Embodiment 15: the preparation of compound 1
nullG-1(136mg,0.37mmol)、EDCI(105mg,0.59mmol)、HOBt(100mg,0.59mmol) it is dissolved in 8mlDMF,Ice-water bath cools down,Add NMM (0.23mml,1.56mmol),Stirring 30min,Compound F (120mg,0.38mmol) add to 8mlDMF,This solution is added to the reaction solution of G-1,0 DEG C is stirred 2 days,Reactant liquor adds 50ml water,With extraction into ethyl acetate reactant liquor,Organic facies is washed with 1N hydrochloric acid and saturated sodium bicarbonate solution successively,Again with saturated common salt water washing,Anhydrous sodium sulfate dries,Solvent is evaporated off and obtains the grease of yellow,Column chromatography obtains 173mg formula 1 compound,It it is a white solid,Yield 72.7%,m/z(MNa+)648.34,1HNMR(400MHz,DMSO-d)δ0.88-0.92(m,9H),0.81-1.02(m,6H),1.18(s,9H),1.27(m,1H),1.45(m,1H),1.68-1.75(m,4H),1.81-1.94(m,2H),2.03-2.09(m,2H),2.33-2.41(m,1H),2.35(s,3H),3.75-3.77(m,2H),3.92-3.97(m,1H),4.13(d,1H),4.25(s,1H),4.44(s,1H),4.61-4.67(m,2H),5.48(s,1H),6.42(s,1H),7.17(d,2H),7.23(d,2H),7.77-8.04(br,2H),8.20-8.28(s,1H).

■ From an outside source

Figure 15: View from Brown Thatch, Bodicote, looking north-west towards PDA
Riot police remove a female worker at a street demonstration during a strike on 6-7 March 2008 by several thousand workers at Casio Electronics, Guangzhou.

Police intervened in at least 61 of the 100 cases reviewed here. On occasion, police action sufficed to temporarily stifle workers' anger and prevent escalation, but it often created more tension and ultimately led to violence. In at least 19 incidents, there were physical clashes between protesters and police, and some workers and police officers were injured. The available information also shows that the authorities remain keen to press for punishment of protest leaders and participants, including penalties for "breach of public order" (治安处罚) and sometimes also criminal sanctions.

Embodiment 16: the preparation of compound F-1
nullG-2(94mg,0.37mmol)、EDCI(105mg,0.59mmol)、HOBt(100mg,0.59mmol) it is dissolved in 8mlDMF,Ice-water bath cools down,Add NMM (0.23mml,1.56mmol),Stirring 30min,Compound F (120mg,0.38mmol) add to 8mlDMF,This solution is added to the reaction solution of G-2,0 DEG C is stirred 2 days,Reactant liquor adds 50ml water,With extraction into ethyl acetate reactant liquor,Organic facies is washed with 1N hydrochloric acid and saturated sodium bicarbonate solution successively,Again with saturated common salt water washing,Anhydrous sodium sulfate dries,Solvent is evaporated off and obtains the grease of yellow,Column chromatography obtains 139mg compound F-1,It it is a white solid,Yield 73.1%,m/z(MNa+)536.30,1HNMR(400MHz,DMSO-d)δ0.90-1.03(m,6H),1.22-1.26(m,1H),1.44(s,9H),1.48-1.51(m,1H),1.62-1.71(m,4H),1.75-1.92(m,2H),2.03-2.08(m,2H),2.34(s,3H),2.37-2.44(m,1H),3.54-3.70(m,2H),3.90-3.97(m,1H),4.13(d,1H),4.52(s,1H),4.60-4.69(m,2H),5.52(s,1H),6.44(s,1H),7.18(d,2H),7.23(d,2H).

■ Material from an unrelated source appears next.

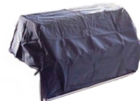
Grill Cover for Drop-In Grill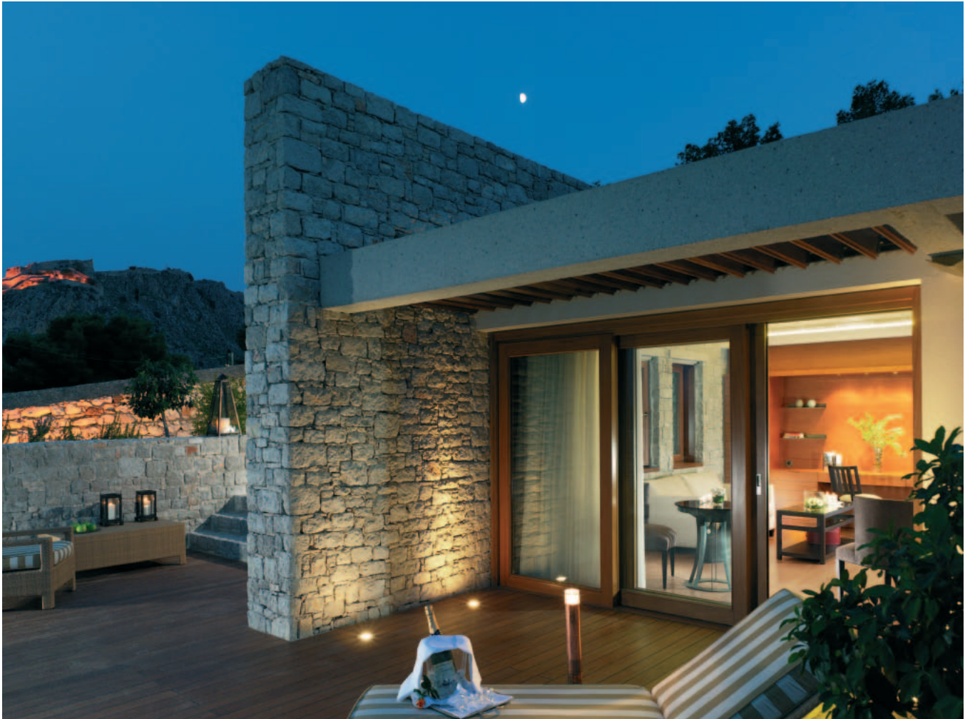
EXECUTIVE VILLA Sea view with private pool

Embodiment 17: the synthesis of compound F-2
By compound F-1 (139mg, 0.27mmol) it is dissolved in 3ml4NHCl/dioxane and stirs 1h, add 10ml dichloromethane after being evaporated by the volatile material of above-mentioned reactant liquor and continue concentration, repeating to obtain 120mg compound F-2 for 4 times is a white solid, yield 100%, m/z (MH+) 414.30.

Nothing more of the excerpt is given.